The searchers got as far as Bygland Lutheran Church.

Helping out

The widespread interest in the search for Sjodin again was revealed Tuesday in the way Jeff Sahli, of Elk River, Minn., showed up, hauling his new Honda ATV in the back of his pickup truck to lend to Mike Sjodin, Dru's cousin, who muddied it well along the wooded Red.

Sahli never had met any of Sjodin's family or friends until now.

"Something's been bugging me at night, to come up and help," said Sahli, a glass installer in the construction trade who is recovering from back surgery. "I saw (the search plans) on the news the other night and decided to come up. I can't take the pounding of riding that thing around. And I've got a bum knee, so I can't walk. So, I'll just be a truck taxi, take these guys around."
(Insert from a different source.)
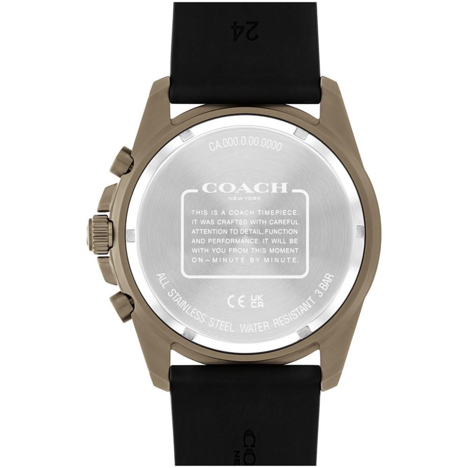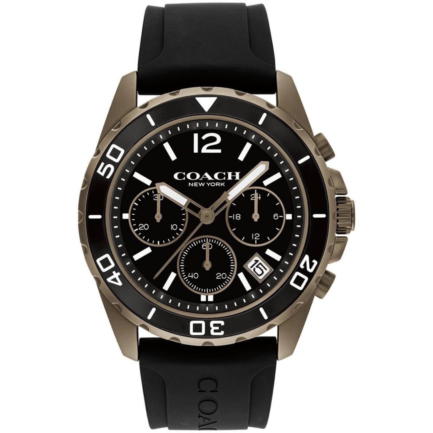 Named for the scenic street in Brooklyn's ultra-hip Williamsburg neighborhood, the Kent watch is made for life-on-the-go. This khaki ionic plated chronograph features a black sunray dial with a date window and three subdials, marking seconds, minutes and hours. It's finished with a black silicone rubber strap debossed with the COACH name. Style #14602643. Movement- three hand chronograph Case- round, khaki stainless steel, 44mm Black silicone strap with tongue buckle closure Dial- black Water resistant up to 30 meters Watch comes in a box Spot Clean Imported Sign up for Macy's WorryNoMore® Jewelry & Watch Protection program within 30 days of purchase. Before delivery, call Customer Service 1-800-289-6229 to sign up. After delivery, visit a Macy's store with your dated receipt and jewelry purchase to sign up.

Sahli said he doesn't believe in "psychics or that stuff."

"But something's been coming to me, something about farm machinery and grain bins," he said, suggesting that the hopper of a harvester left out over the winter might be a logical place to look.

That kind of help has been coming heavy, said Allan Sjodin, and such interest can be monitored on the Web site, www.finddru.com , administered by a family friend.


Today, Sahli will continue to help as the family search turns, likely, to south of the Thompson bridge toward Climax, Minn., Heales said.

On the North Dakota side of the Red River, the U.S. Border Patrol's only two cadaver-searching dogs, one in from Yuma, Ariz., will be working today, and continue for the next two weeks, said Maj. Mike Fonder of the Grand Forks County Sheriff's Department.

On the Minnesota side, up to 250 volunteers will be sought for a mass search Saturday between Crookston and the Red River, said Sgt. Walt Keller of the Polk County Sheriff's Office. Sign-up will be at 9 a.m. Saturday in the Crookston High School, and volunteers should dress for a long day of walking across and through rough terrain, including wearing blaze orange or fluorescent green outerwear, Keller said.

Keller also is organizing what will be the first on-the-water search Saturday of the Red Lake River's 52-plus winding miles from Crookston to the Red River, a trip only 25 miles by highway. So far, 11 boats, including two or three search dog teams, will ply that route. A volunteer horseback posse also will search on Saturday.